By Matt Bruenig, who writes about politics, the economy, and political theory, with a focus on issues that affect poor and working people. He has written for The Washington Post, Los Angeles Times, The Atlantic, The New Republic, The American Prospect, In These Times, Jacobin, Dissent, Salon, The Week, Gawker and at his home base of sorts: Demos’ . Follow him on Twitter: . Originally published at
Matt Yglesias is basically right about what happened in the 2016 election. Despite the elaborate theories that have been floated over the past few months, the real story as told by the exit polls is very boring: Donald Trump won because Hillary Clinton was an extremely unpopular candidate.
Donald Trump did not win because of a surge of white support. Indeed he got less white support than Romney got in 2012. Nor did Trump win because he got a surge from other race+gender groups. The exit polls show him doing slightly better with black men, black women, and latino women than Romney did, but basically he just hovered around Romney’s numbers with every race+gender group, doing slightly worse than Romney overall.
However, support for Hillary was way below Obama’s 2012 levels, with defectors turning to a third party. Clinton did worse with every single race+gender combo except white women, where she improved Obama’s outcome by a single point. Clinton did not lose all this support to Donald. She lost it into the abyss. Voters didn’t like her but they weren’t wooed by Trump.
Some Pundits Understood This
What’s a bit odd about the post-election punditry is that a good number of pundits understood these basic demographic mechanics well in advance of the election outcome. For instance, Jamelle Bouie perfectly nailed it in February of 2016:
If these issues [of Trump creating deep antipathy among women, people of color, and young people] are borne out in a general election, then Trump will have an even larger problem than negative attacks. He’ll have a negative electoral map. With abysmal ratings among blacks and Latinos, Trump is uniquely unsuited to this year’s demographics, which—all things equal—has a modest tilt toward Democrats. With Marco Rubio or John Kasich, Republicans might have a chance with minority voters. With Trump, that’s gone. To win, he would need to bring a massive influx of new white voters and create a further swing towards Republicans among existing white voters, all without alienating moderate whites or sparking counter-mobilization from nonwhites.

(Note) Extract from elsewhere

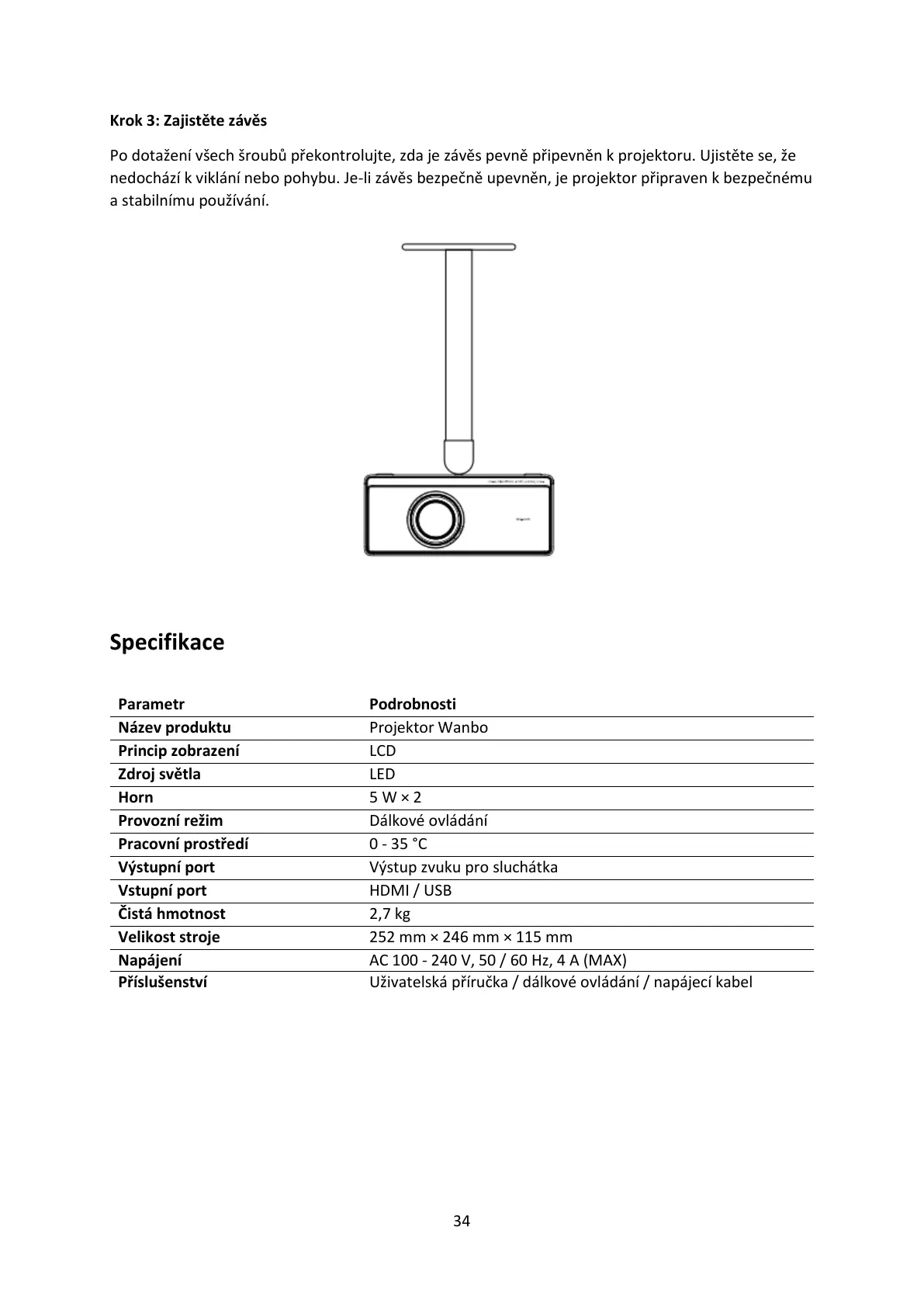 nedochází k viklání nebo pohybu. Je-li věs bezpečně upevněn, je projektor ipraven k bezpečnému

As Bouie notes, if Trump’s politicking caused an enormous swing in the voting choices of women, people of color, and young people towards the Democratic nominee (here Clinton), then the only way he could have won is by running up the score among white voters. It turns out Trump’s politicking did not cause any noticeable swing of the voting choices of women, people of color, and young people, and so he did not need to run up the score among white voters, which is something he failed to do entirely.

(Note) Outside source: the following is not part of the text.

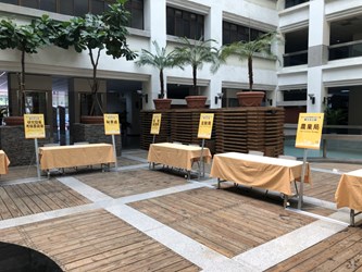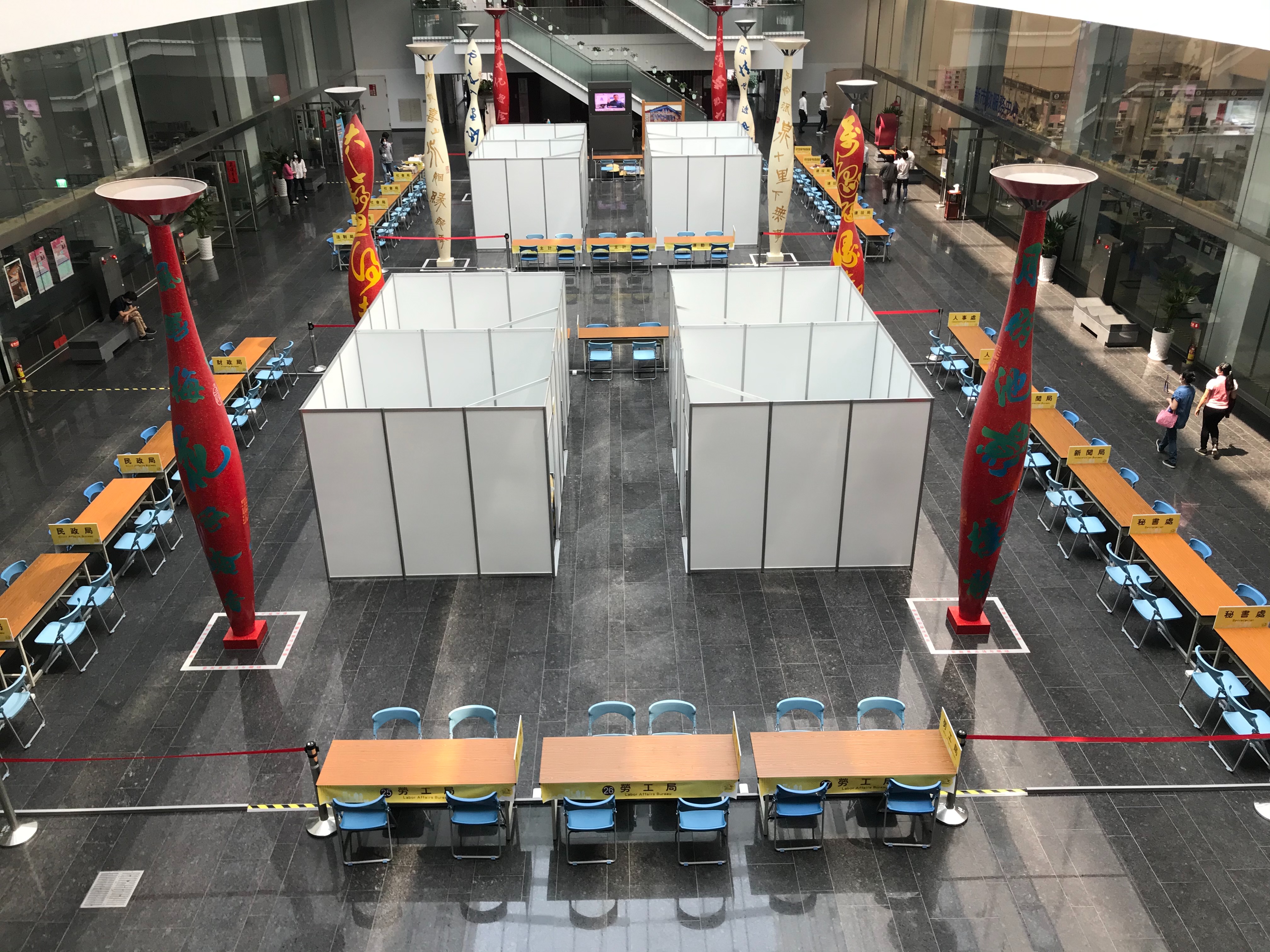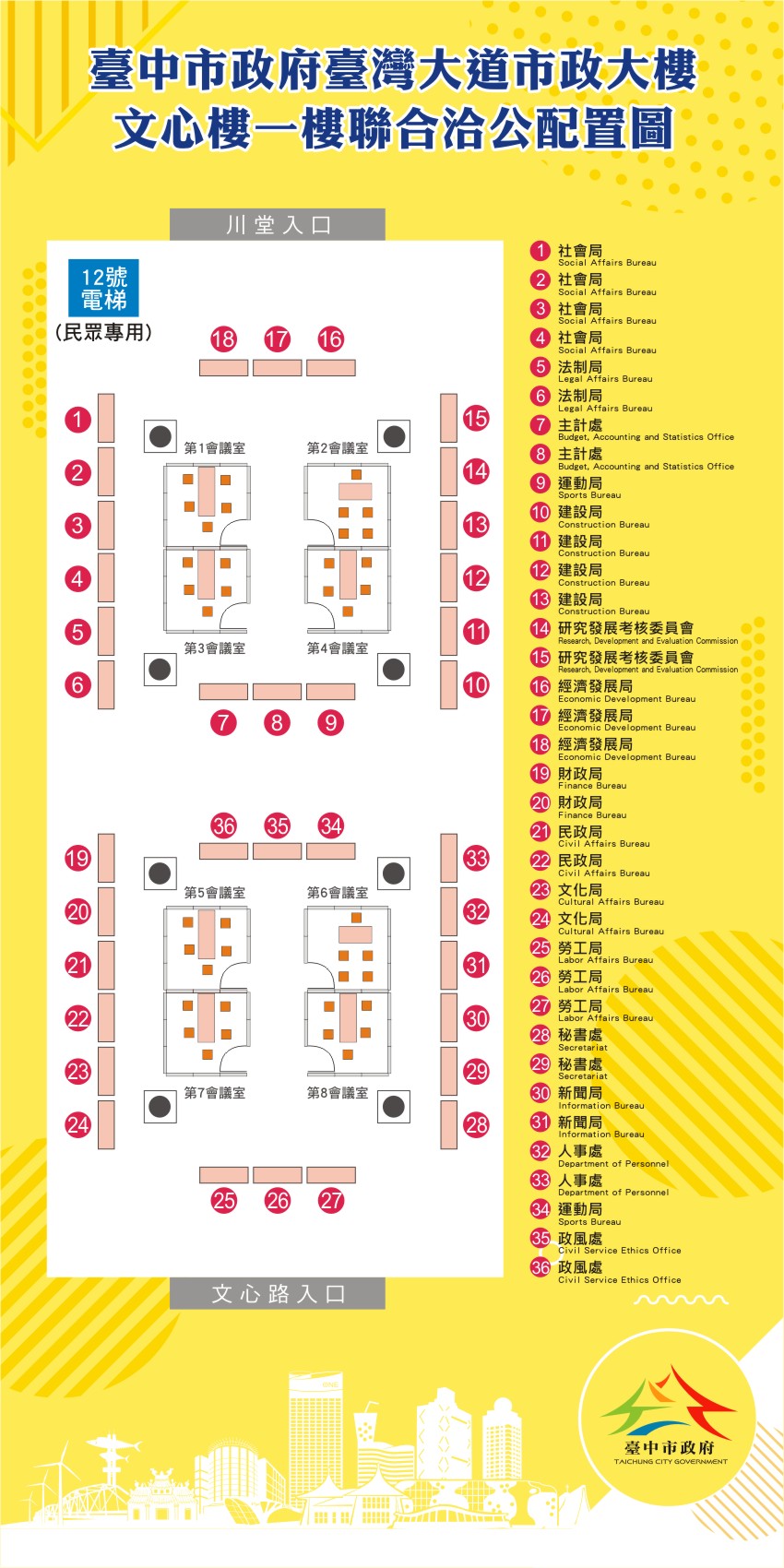 因應新冠肺炎疫情發展,台中市政府持續全力防疫並超前部署,自4月1日起,於台灣大道市政大樓文心樓1樓及陽明市政大樓1樓中庭設聯合洽公專區,台灣大道市政大樓惠中樓則為純辦公區域,不開放民眾洽公,除可縮短洽公時間,也減少接觸風險。

So the overall story the data tells us is that Trump won with less white support than Romney because he managed to hold strong enough with female and nonwhite voters and because Clinton was so unpopular that she bled a significant enough portion of Obama’s coalition into the abyss.
The lack of attention to this story of Trump’s win makes sense because it is satisfying to basically nobody.
Liberals do not like it because they want Trump to mean some of their identitarian arguments are true and because it is extremely humiliating to the liberal establishment in general that their hand-picked candidate was world-historically weak. After writing delusional arguments saying the plain fact of Clinton being bad at politics (something Clinton herself admits) was actually wrong, it’s easy to understand why the post-election truth that Clinton lost because she’s very bad at politics is not one they rush to embrace.
Conservatives do not like it because they want Trump to mean at least something about how voters are not happy with liberal overreach.
And leftists do not like it because they want Trump to mean at least something about how the Democratic party’s refusal to embrace a transformative economic message is dooming it.
Some of these narratives could even be true in general about our political moment. But they are not explanations of what happened here. Clinton lost because Clinton was a really bad candidate. If you had replaced her with almost anyone else, they would have beaten Donald Trump. Bernie would have won. O’Malley would have won. And Barack Obama would have dominated in an absolute landslide.